Consider that most monitors are now 16/10 or 16/9, i.e. not in 4/3 aspect ratio any more.
Therefore, it's not a loss of space to put a tree on the left, or even the commands toolbar on the left side instead of the top of the window. Your first screenshot was not the worse, in this aspect. I just write a log viewer with this design: the log events has the full application height.
Office 2007/2010 ribbon for instance is nice looking, but takes too much vertical space IMHO on daily use. Some users (among me) are frustrated by this ribbon. For instance, I don't find it very usable in a notebook. Greatest user interfaces gives full space to content, not commands. Chrome is a good example of this. And mobile applications tend to maximize the available space use.
Just my 2 cents.
Personally speaking, about your first screen shot, the toolbar buttons are too big. They are much too strong a presence, even at second glance.
I would reduce their size. Or, when this program targets children or touching devices, the other controls and font sizes should be enlarged.

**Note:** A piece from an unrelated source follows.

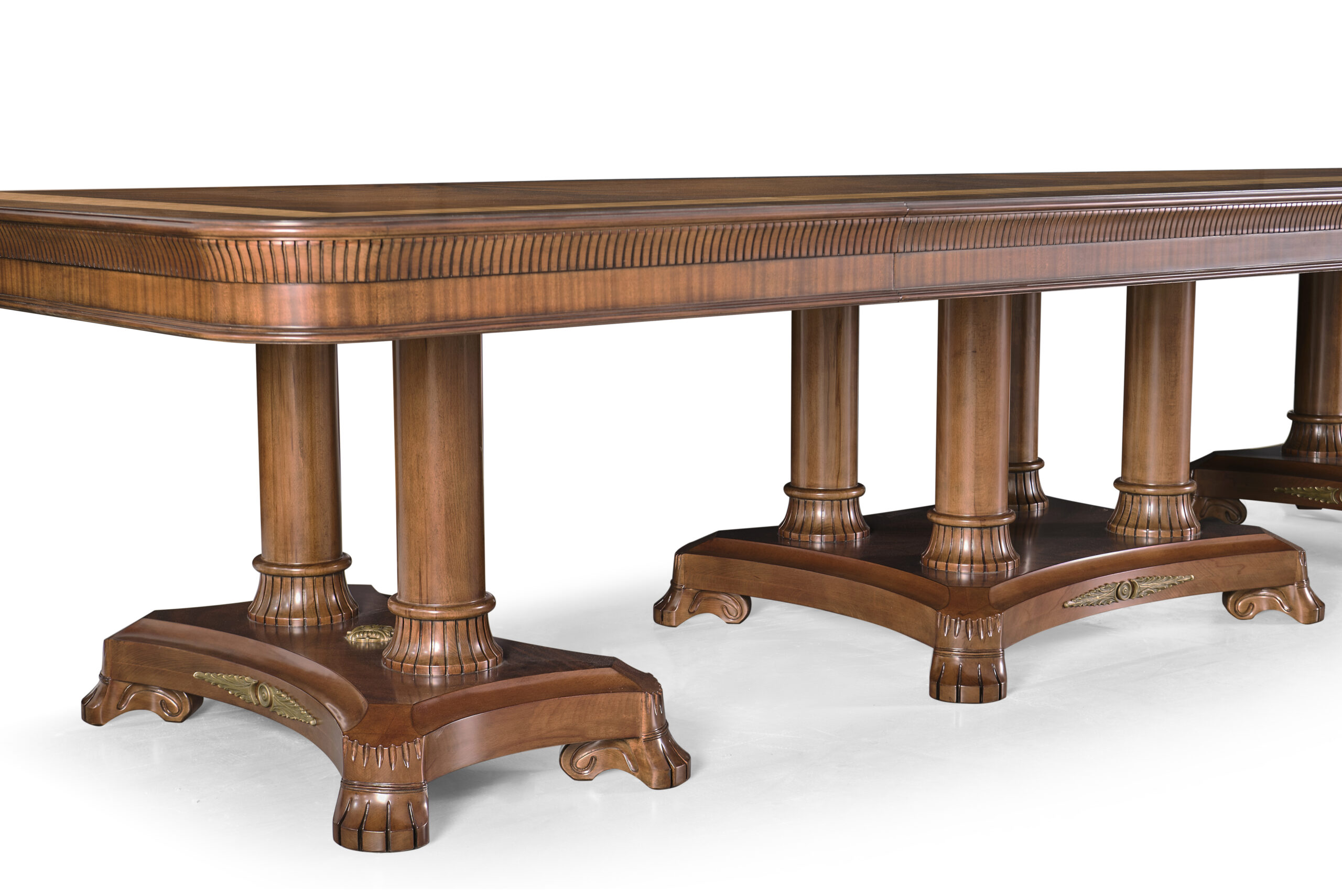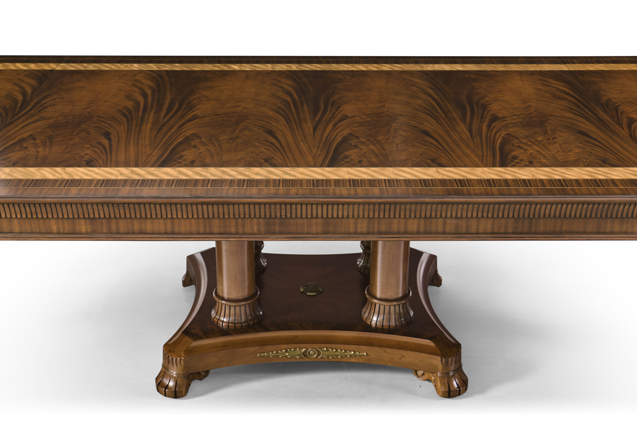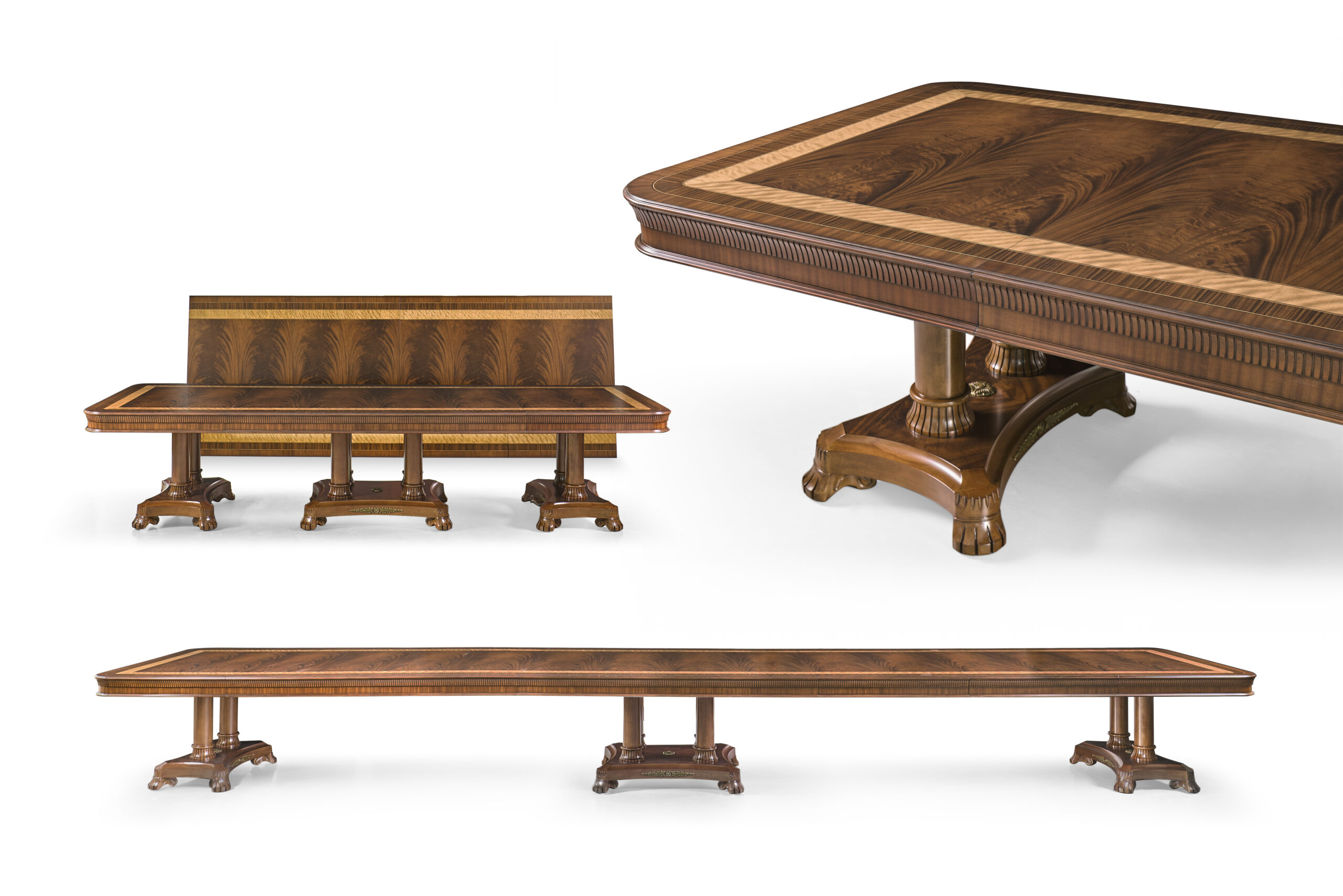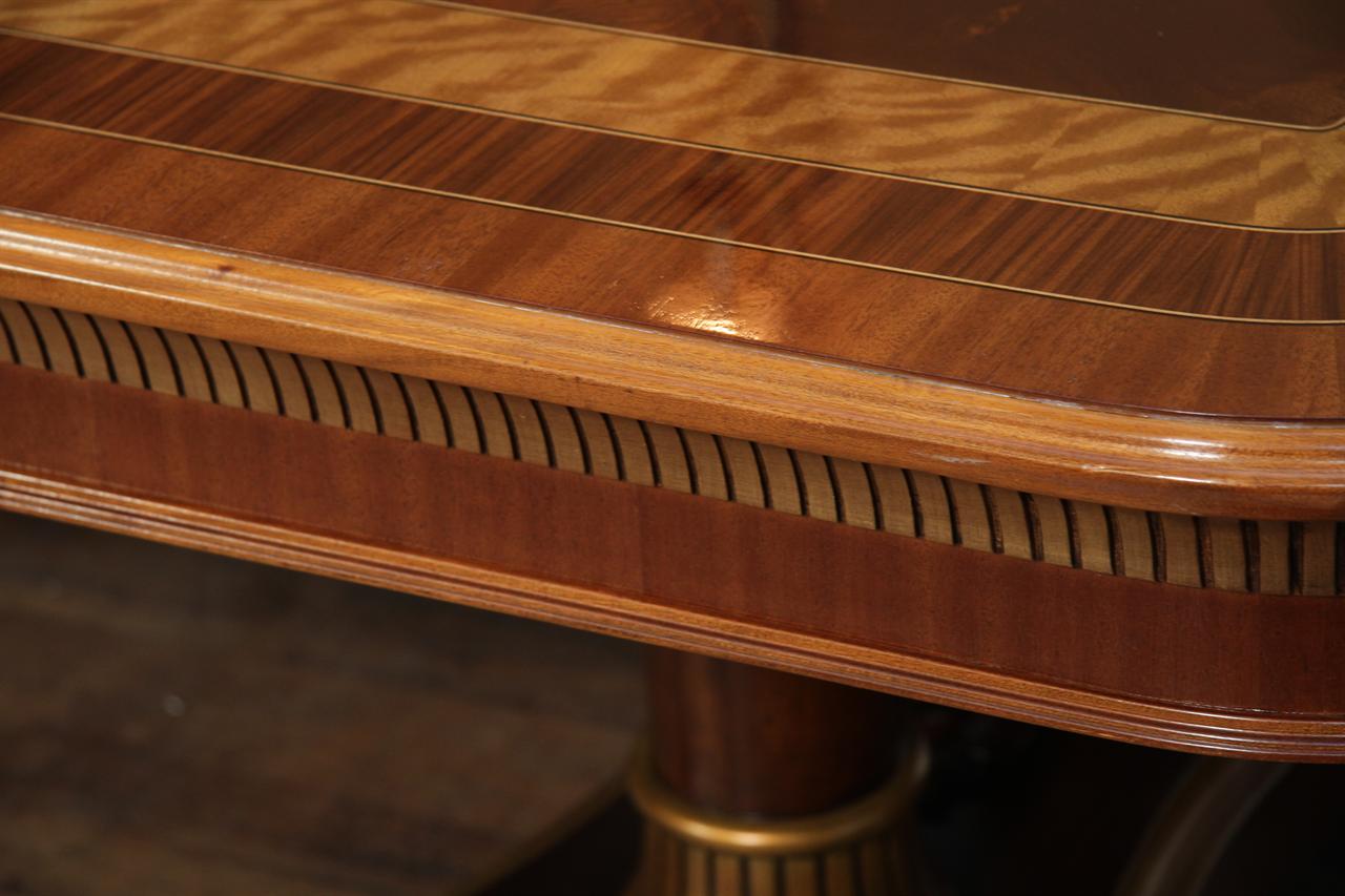 Extra-large 24-foot mahogany dining table for a stately dining room, an AP Exclusive by AntiquePurveyor. This high-end mahogany dining table can be configured in a room from 12 feet long to 24 feet long, in 3-foot increments. The table is 54″ wide. The heavy mahogany pedestal bases feature double columns at the ends and four columns at the center pedestal, providing a wide footprint that holds the table solid in any configuration. Table slides are made of heavy, American-made steel and are very sturdy. The apron, which surrounds the table, features a profile similar to dental molding found in traditional homes. The updated and modernized Regency-style pedestal, featuring fine cast brass mounts, was crafted using lost wax techniques. The tabletop features a natural color palette, showcasing colors of red, orange, yellow, and brown. The table is finished with satin nitrocellulose lacquer, and the tabletop is polished to a 60% gloss, allowing light to reach the rich and lively wood grain.

You are trying to create a tabbed application, So I'd suggest using some sort of tab-control.
Even the Delphi default one allows you to add pictures to the tabs.
Something like this:
A few considerations:
How often is the app used?
If the app will be used very daily by your users, try to maximize usable space, i.e. make the controls as small as need be.
If the app is used rarely by your users, make the controls big and bright, label every button so things are clear, and time figuring out where is what is minimized, this also means using familiar user interface elements.

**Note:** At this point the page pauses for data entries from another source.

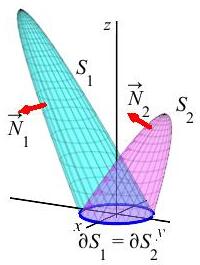 We say a vector field \(\vec F\) has surface independent surface integrals if \(\displaystyle \iint_{S_1} \vec F\cdot d\vec S =\iint_{S_2} \vec F\cdot d\vec S\) whenever \(S_1\) and \(S_2\) have the same boundary, i.e. \(\partial S_1=\partial S_2\) with the same orientation.
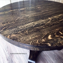 Stunning tiger oak quarter sawn antique dining table finished with General Finishes Black Gel Stain.
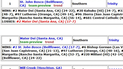 Inconsistencies like this abound throughout the different seasons. I recall one publication declaring during Concord (CA) De La Salle's 151-game winning streak from 1992-2003, that until somebody beats them, they are the #1 team.
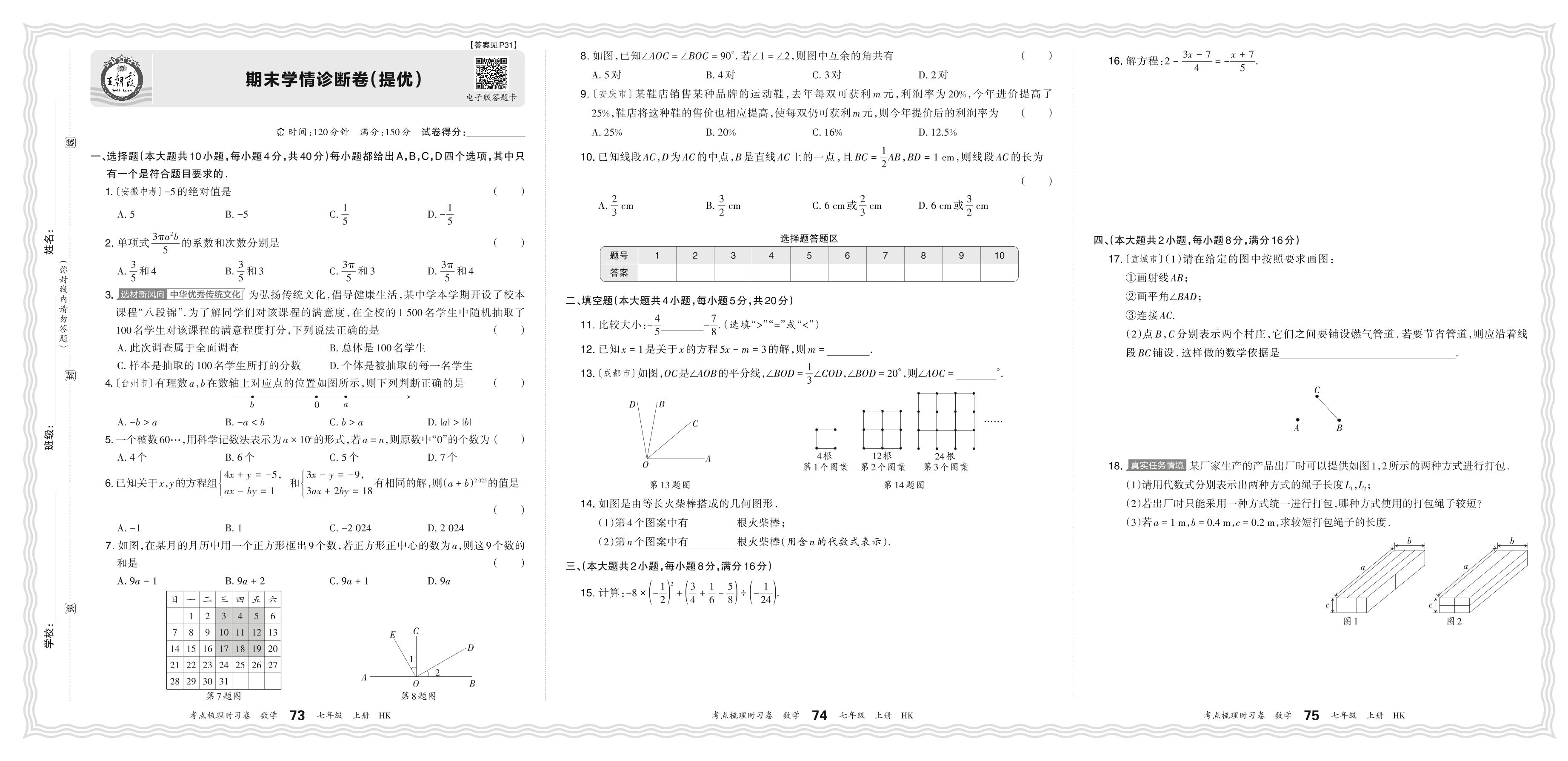 七年级数学沪科版(2024)上册期末卷
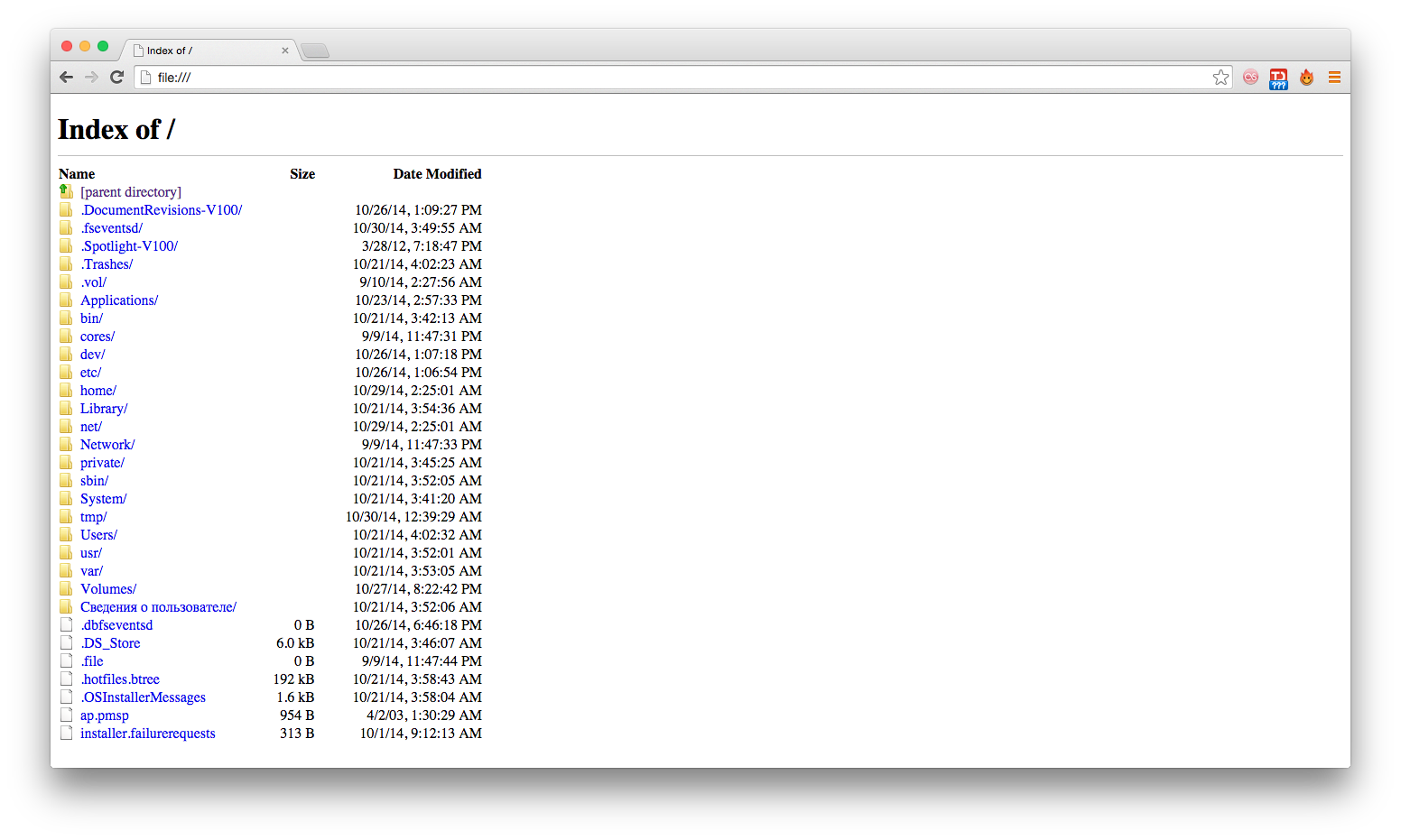 Это не будет самой востребованной функцией Google Chrome, но тем не менее использовать свой браузер как файловый менеджер также можно. Просто вводим C:/ на Windows или file://localhost на Mac и Linux. На последних двух платформах можно также использовать удобное сокращение file:///.

Are you targeting elephants or mice?
If you audience is computer savvy (mice), you can get away with more experiments and bling; if you are dealing with perpetual beginners you will need to stick to basic stuff.
Remember, the user interface is a contract
Make sure the controls behave as advertised. If something looks like a button make it behave like a button. Don't disguise a menu to look like a listbox/treeview.
A menu does an action (it's a hidden button), a listbox selects one item that can be acted upon.
My opinion
I dislike your initial screenshot because it tries to force a tabsheet/pagecontrol into the format of a treeview, whilst naming the items menus. This makes for a clumsy interface.
I've never seen a menu be used to switch between views, and the treeview makes for a mighty small target to hid. On top of that it allows for multiple nesting.
The tree is a concept that every programmer understands, but very few people outside that group grok, IMHO, don't use a tree in your application! and avoid the treeview.
It's a poor control to work with because:
It allows nesting > 2 a NONO in my book;
It is too small to hit with a mouse, even worse with a touchpad;
What's up with the [>] sign in front, why would I want to collapse a tree with just 1 level of nesting and when I do and the [+] is visible in front of "main menu" where on earth have my submenu items gone?
I love your last version, but
It needs text labels for every button;
Make the vertical pagecontrol, look like some sort of tabbed sheet, this will make your intent instantly clear;
I would love to see a statusbar;
Glass may look cool, but having the junk from screens below shine through your app sure makes everything look busy, not a good thing if you're trying to focus on this particular app;
Make sure to put splitters between all panels, and make sure to visually highlight the splitter by setting beveled:= true and width/height:= 5 so you can actually hit that splitter
The info panel has its own caption, a huge waste of space. It's bad enough that every window has a title bar that does almost nothing, don't multiply non-interactive space.
Finally
Do as David says and buy a copy of about face, it's the best book on UI design I've seen by far. http://www.cooper.com/#about:books
First picture is the best version for standard desktops with mouse.
Third picture will be good for tablets with their touch screens. But it needs some improvements. Currently I can't see on which page I am now, even more: there are no signs that those buttons actually switch pages. I think, you need some sort of tabcontrol here.